Concerns over the week-long stalling of the monsoon progress have ebbed on Thursday, with both the India Meteorological Department (IMD) and private weather forecaster Skymet seeing an imminent revival of the rains. Reuters reported quoting senior IMD officials that, the southwest monsoon is set to bring rains over central parts of India “in the next few days,” providing much-needed respite from the heatwave in the northern plains.
Skymet said in an article posted on its website: “Conditions are becoming favourable for the advancement of monsoon over the eastern states of the country and proceed beyond in the next 3-4 days. On June 23, a trough is forming and running across West Uttar Pradesh to East Uttar Pradesh, Bihar and North Bengal. It is likely to get consolidated the next day and will have an embedded cyclonic circulation over East Uttar Pradesh and Bihar. It will be strengthened further and a tight circulation will be marked over central parts of Uttar Pradesh on June 25,”
The IMD had predicted ‘above normal’ monsoon rainfall at 106% of benchmark average during June-September this year with 92% chances of the rains being in the “normal-to-excess” range.
However, the rains, which had hit Kerala coast two days ahead of schedule and arrived in the North-East six days the before normal date, remained at a standstill since June 12. That meant barely 40% of the geographical area of the country was covered in two weeks after onset.
The department therefore downgraded its forecast for June rainfall from “normal” to “below normal” even as it maintained that the rainfall would still be very good during July-September.
The halting of monsoon has caused apprehensions in the farming community over the prospects of kharif sowing, in north and north-west India.
Meanwhile, IMD on Thursday predicted “very heavy” rainfall over Kerala, Karnataka, Tamil Nadu and Maharashtra over the next five days. It said the sky will be generally cloudy in Mumbai, with possibility of moderate-to-heavy rains. It also observed that monsoon has advanced into more parts of Vidarbha, Chhattisgarh, Odisha, Bay of Bengal, West Bengal and Bihar.
Skymet added: “Monsoon progress on the western side may remain slow and sluggish. The state of Gujarat will witness the true colour of the monsoon in the fag end of the month, between 26th and 29th June. Overall, it could be a repeat of last year, when the monsoon covered the entire country, ahead of its schedule.”
Though the weather forecaster sees a somewhat skewed pattern of rain distribution, with some of the paddy-growing areas in east and north India poised to receive below-normal rains, the mostly rain-fed “monsoon core zone” in central India has been predicted to witness above-normal precipitation. This augured well for the agriculture sector which saw a 4.4% annual decline in output (gross value added) in the 2023-24 crop year (July-June), after a steady rise witnessed for six straight years.

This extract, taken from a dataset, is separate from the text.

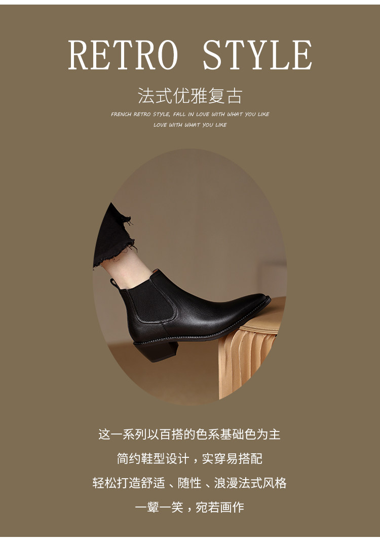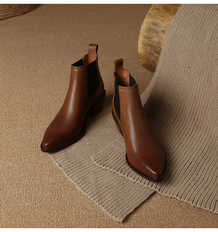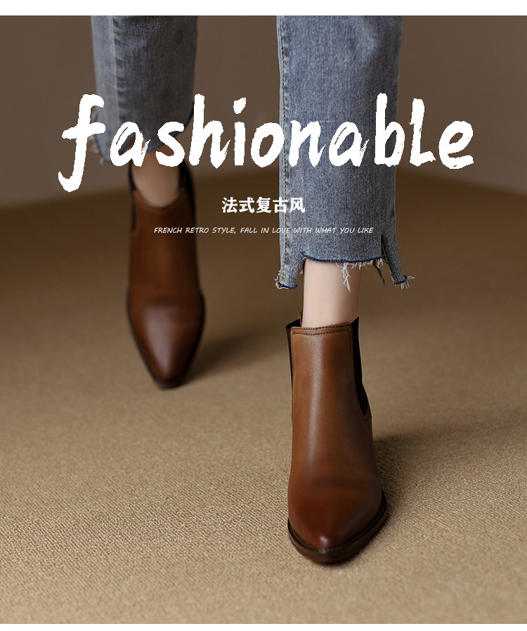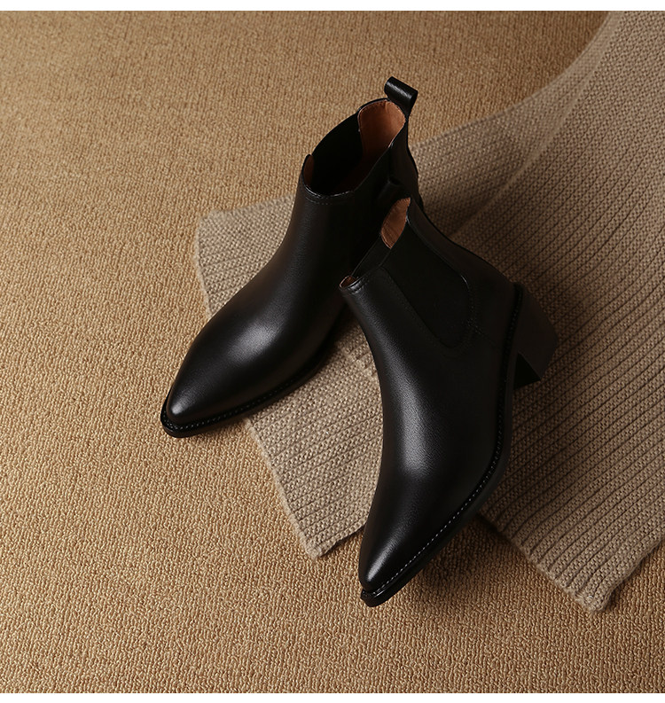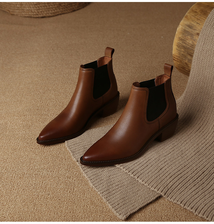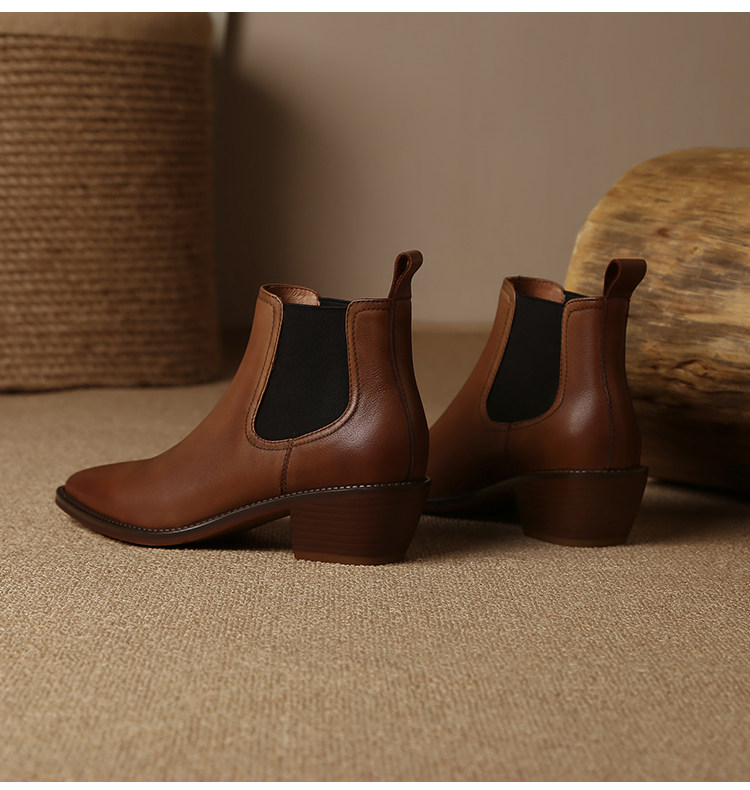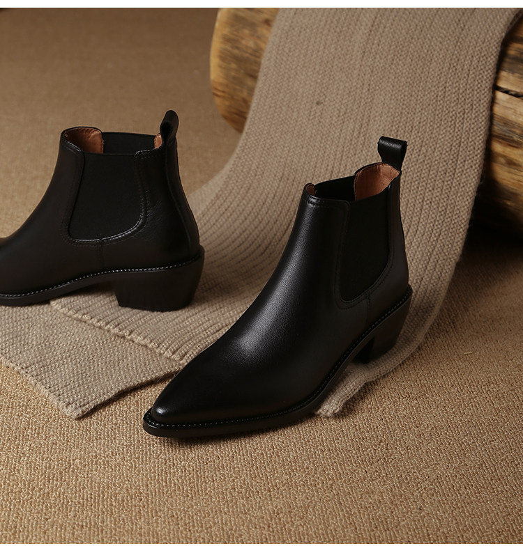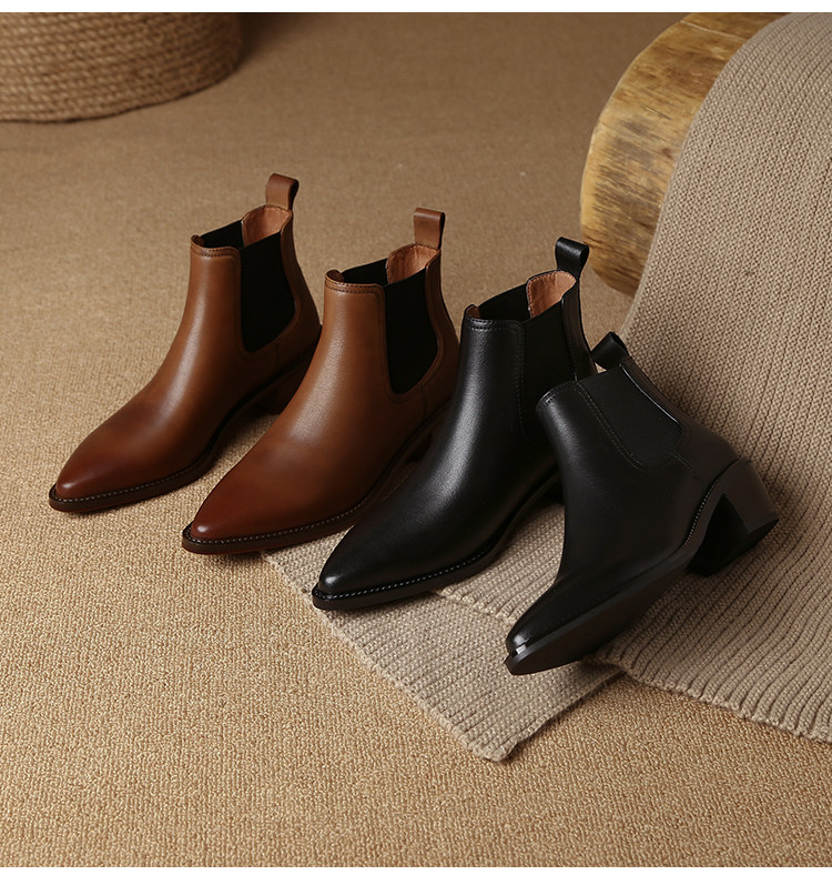 Genuine Leather Retro Pointed-Toe Chelsea Boots for Women, British Style Slimming Single Boots, Chunky Heel Short Boots, Mid-Heel Ankle Boots, Bare Boots

The finance ministry subsequently stated that the forecast of above-normal monsoon in 2024 boded well for a good harvest, easing inflation concerns.
On Wednesday, a Reserve Bank of India (RBI) paper said, the prospects for agriculture are brightening with the early landfall of the southwest monsoon. “Headline inflation is gradually easing, driven by sustained softening of its core component, although the path of disinflation is interrupted by volatile and elevated food prices,” it said.
“The fact that the ongoing disinflation is being driven by the softening of the core component of consumer price index (CPI) inflation to a new low validates the stance of monetary policy. As long as food price pressures persist, however, the goal of aligning inflation with its target remains a work in progress,” the paper added.